Beginning at the line containing "Защитно-декоративная пропитка для", repeat each line below exactly up to and including the line containing "JP Morgan. BNY". Do not repeat the pictures.
SOURCE MATERIAL below:
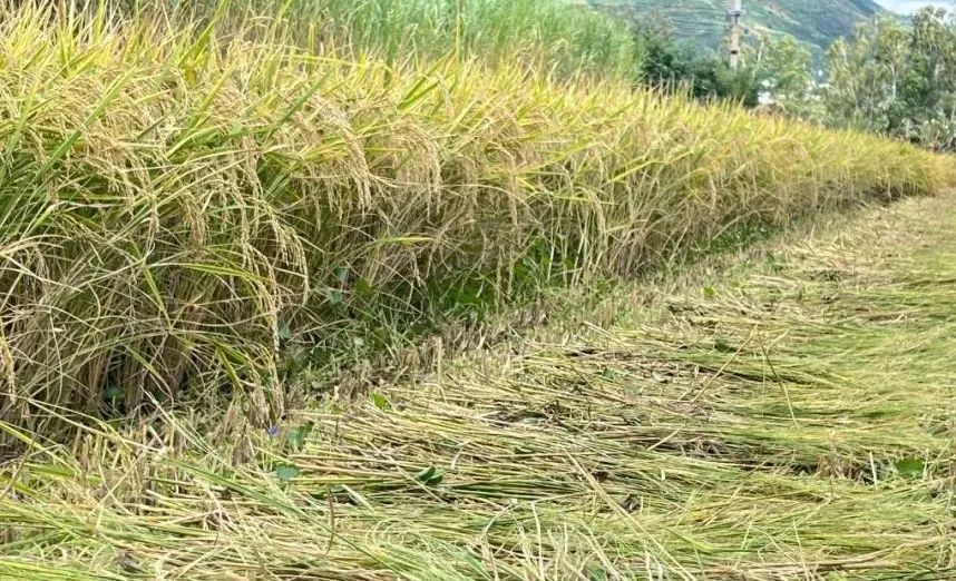正值金秋时节,乌龙镇大面积的软香水稻已经开始全面收割,成片的稻田里,一串串金黄的稻穗、一颗颗饱满的稻谷,呈现出一幅幅乡村振兴的画面。
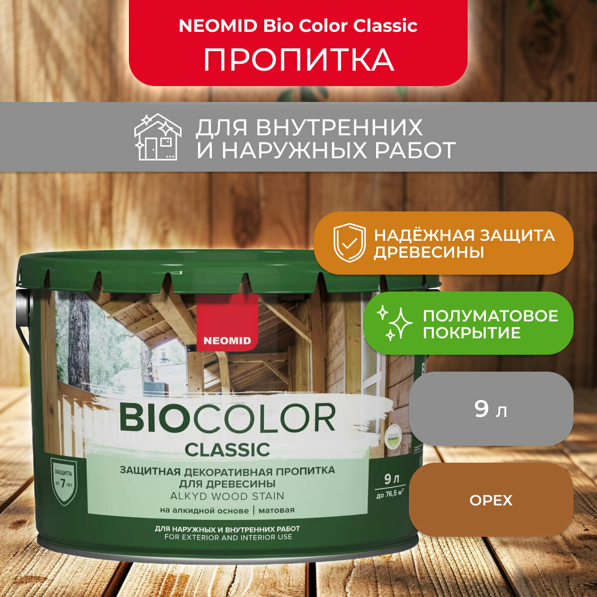 Защитно-декоративная пропитка для дерева Neomid Bio Color Classic, полуматовая, 9 л, палисандр
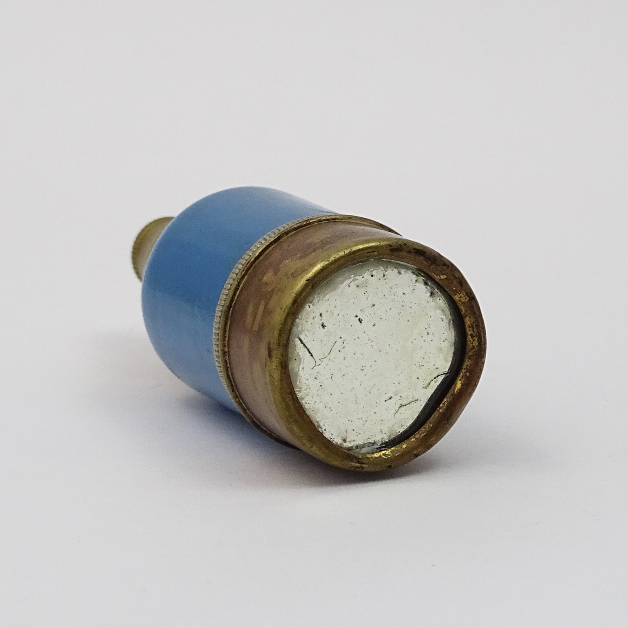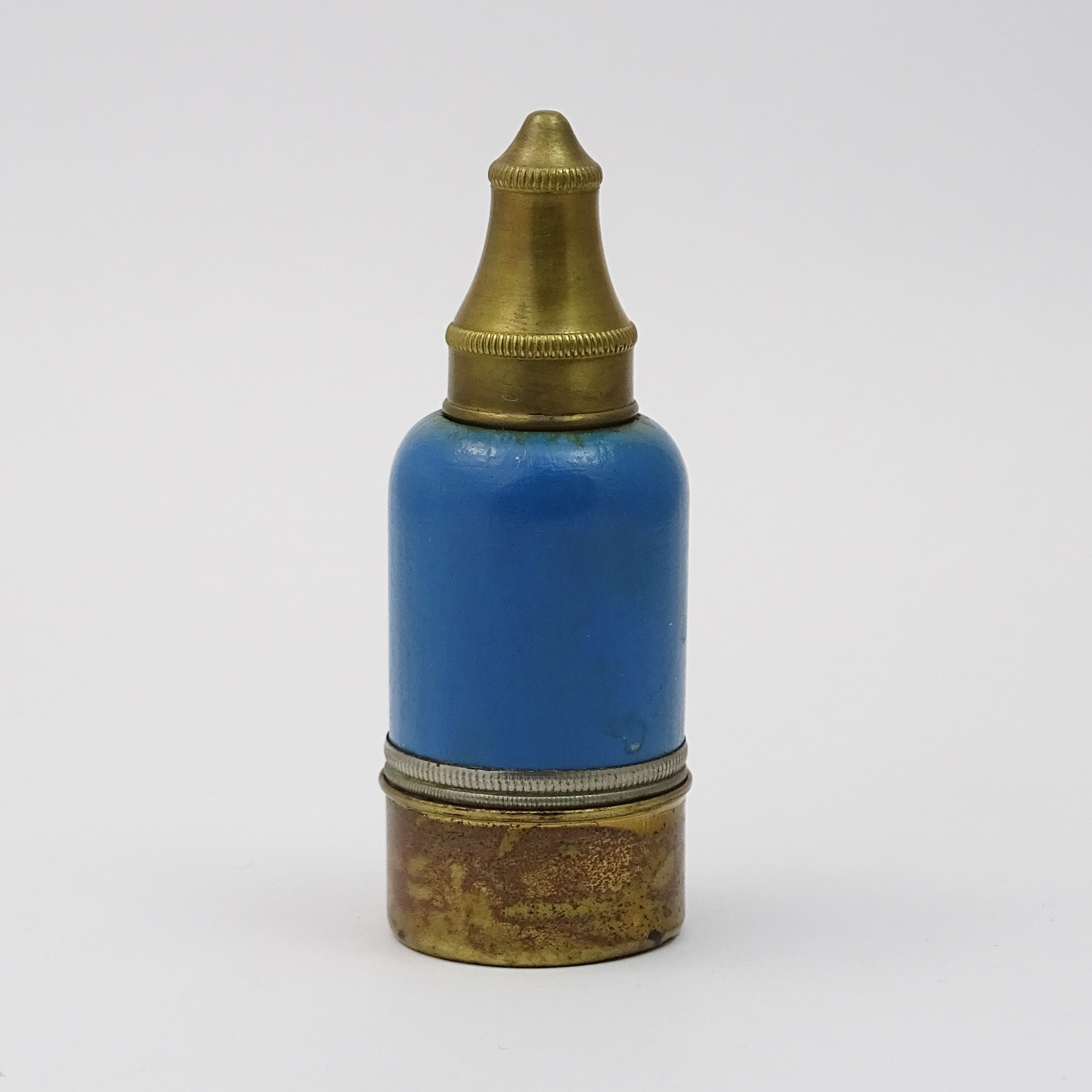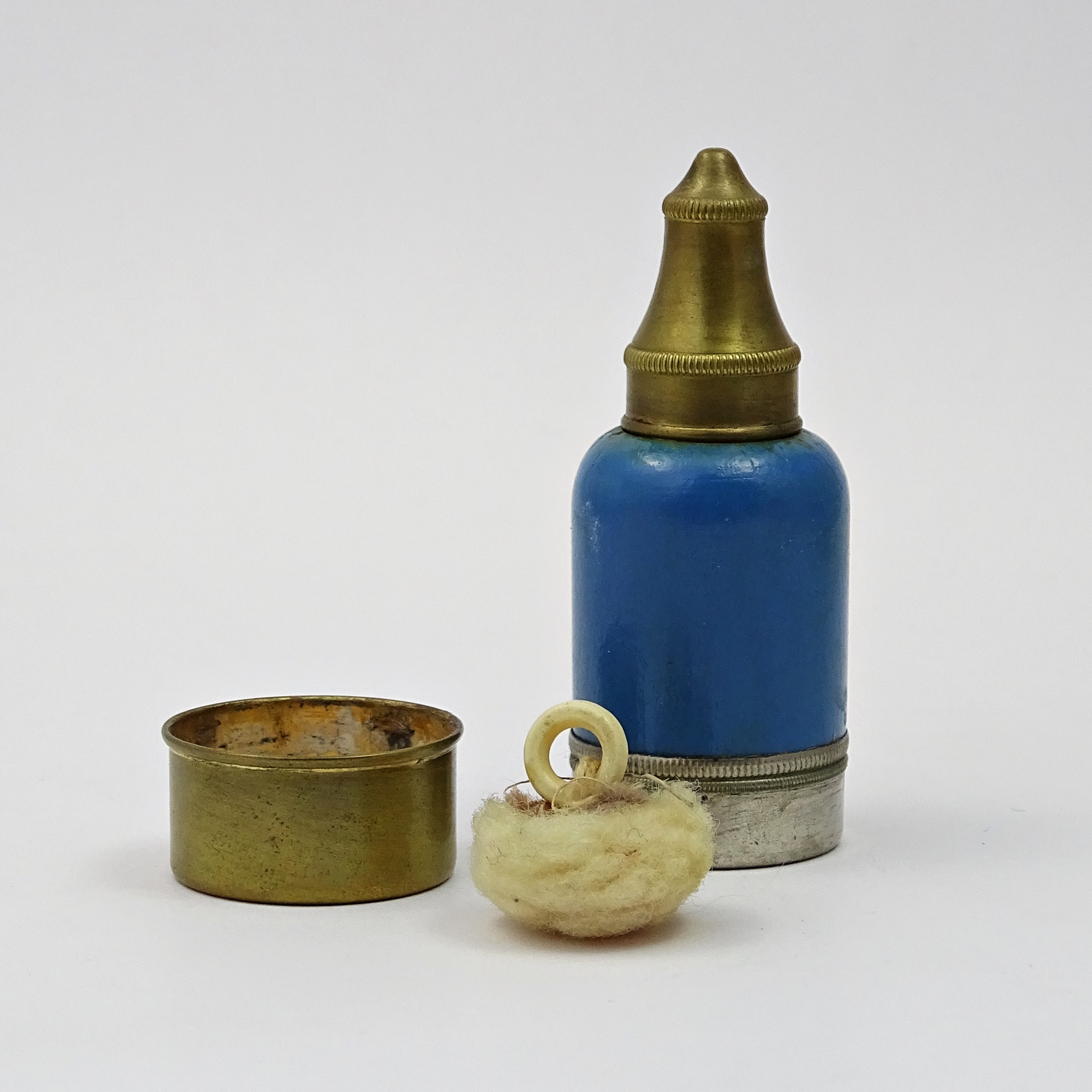 Blue-painted wood scent bottle with screw brass cap and bottom container, ending with a mirror, that retains a compact pink powder and a powder puff with little plastic or bone ring.
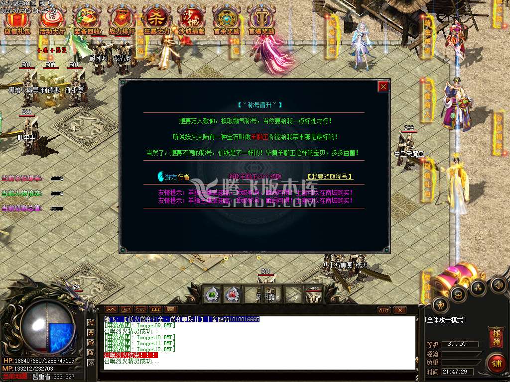 <4、土城右上方:封神榜NPC 一定要捐献,能够很大程度增加爆率,另外就是称号增加爆率,称号越高,爆率越高>
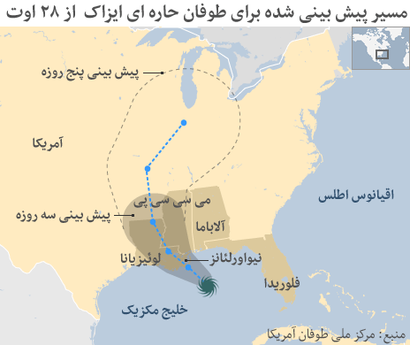 گفته می شود ایزاک هم اکنون در خلیج مکزیک به سمت ایالتهای لوئیزیانا، میسیسیپی و آلاباما در حال حرکت است.
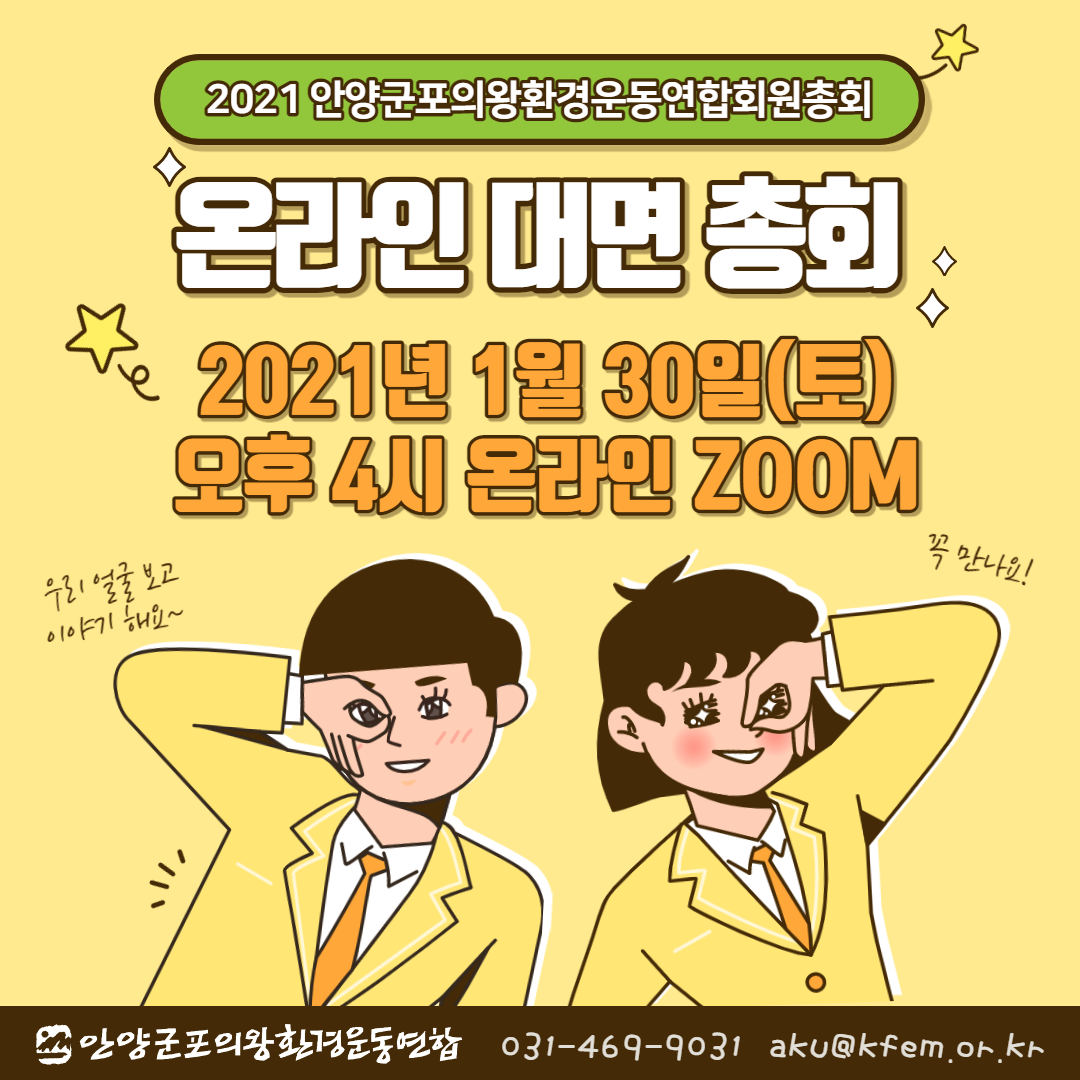 안양군포의왕환경운동연합 2021년도 정기총회 개최를 다음과 같이 공고합니다.
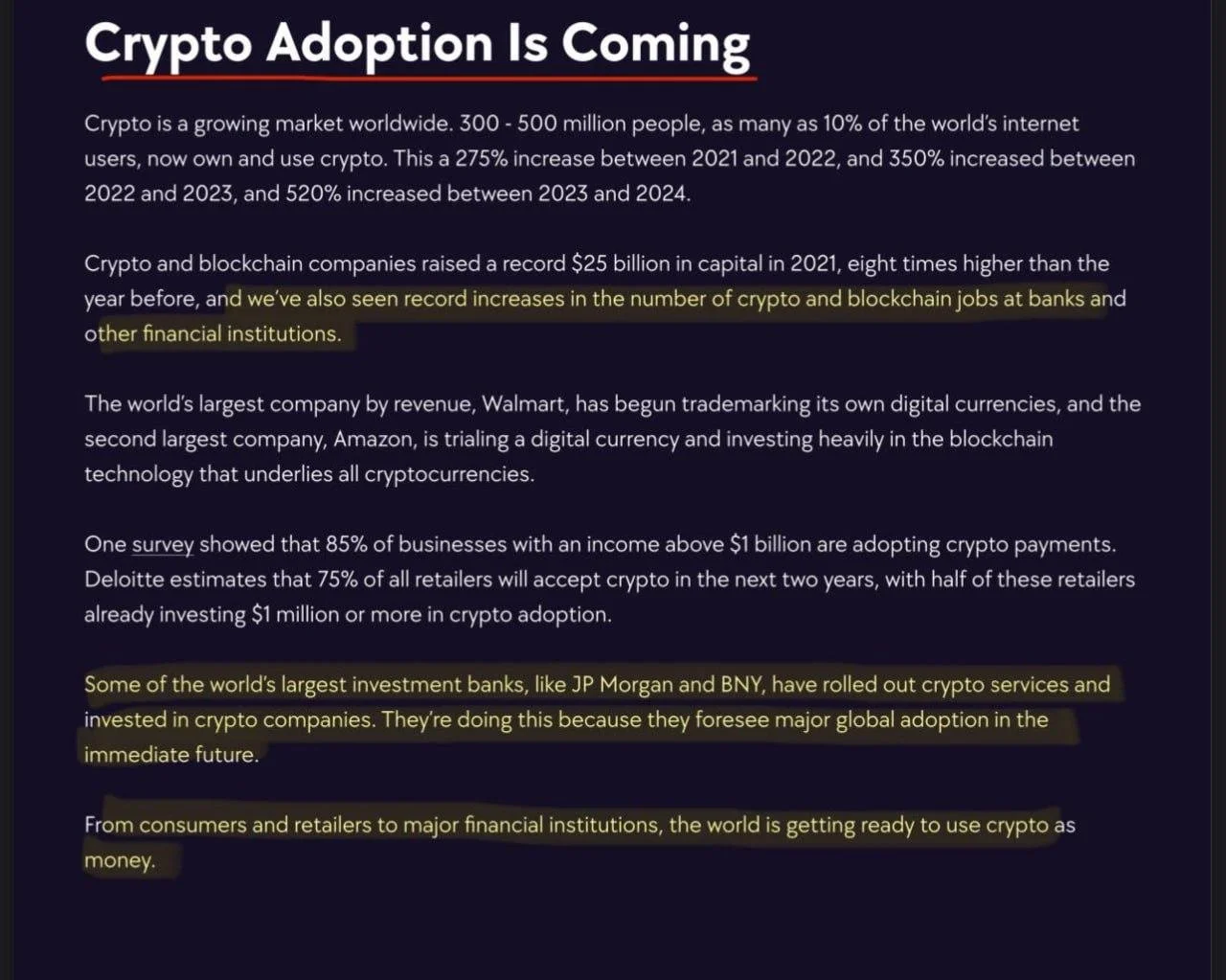 JP Morgan. BNY Mellon. Goldman Sachs. They all foresee global adoption in the IMMEDIATE FUTURE
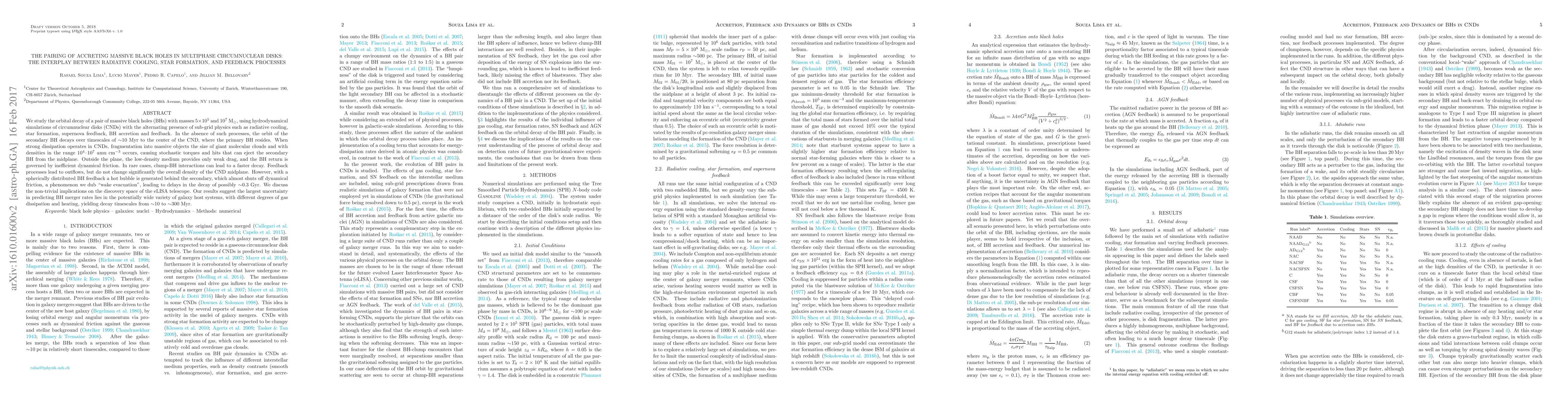 We study the orbital decay of a pair of massive black holes (BHs) with masses 5 * 10^5 and 10^7 M_sun, using hydrodynamical simulations of circumnuclear disks (CNDs) with the alternating presence of sub-grid physics such as radiative cooling, star formation, supernova feedback, BH accretion and feedback. In the absence of such processes, the orbit of the secondary BH decays over timescales of ~10 Myr to the center of the CND, where the primary BH resides. When strong dissipation operates in CNDs, fragmentation into massive objects the size of giant molecular clouds and with densities in the range 10^4 - 10^7 amu / cm^3 occurs, causing stochastic torques and hits that can eject the secondary BH from the midplane. Outside the plane, the low-density medium provides only weak drag, and the BH return is governed by inefficient dynamical friction. In rare cases, clump-BH interactions can lead to a faster decay. Feedback processes lead to outflows, but do not change significantly the overall density of the CND midplane. However, with a spherically distributed BH feedback a hot bubble is generated behind the secondary, which almost shuts off dynamical friction, a phenomenon we dub "wake evacuation", leading to delays in the decay of possibly ~0.3 Gyr. We discuss the non-trivial implications on the discovery space of the eLISA telescope. Our results suggest the largest uncertainty in predicting BH merger rates lies in the potentially wide variety of galaxy host systems, with different degrees of gas dissipation and heating, yielding decay timescales from ~10 to ~300 Myr.
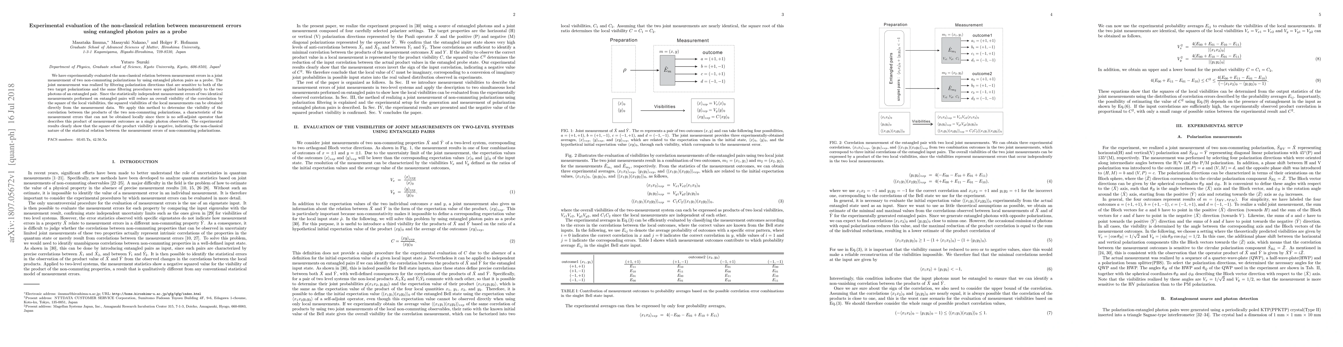 This paper experimentally evaluates the non-classical relationship between measurement errors using entangled photon pairs, revealing that the square of the product visibility is negative, indicating a non-classical statistical relation between errors in non-commuting polarizations.
End of SOURCE MATERIAL.
[WRITTEN RESPONSE]
 Защитно-декоративная пропитка для дерева Neomid Bio Color Classic, полуматовая, 9 л, палисандр
 Blue-painted wood scent bottle with screw brass cap and bottom container, ending with a mirror, that retains a compact pink powder and a powder puff with little plastic or bone ring.
 <4、土城右上方:封神榜NPC 一定要捐献,能够很大程度增加爆率,另外就是称号增加爆率,称号越高,爆率越高>
 گفته می شود ایزاک هم اکنون در خلیج مکزیک به سمت ایالتهای لوئیزیانا، میسیسیپی و آلاباما در حال حرکت است.
 안양군포의왕환경운동연합 2021년도 정기총회 개최를 다음과 같이 공고합니다.
 JP Morgan. BNY Mellon. Goldman Sachs. They all foresee global adoption in the IMMEDIATE FUTURE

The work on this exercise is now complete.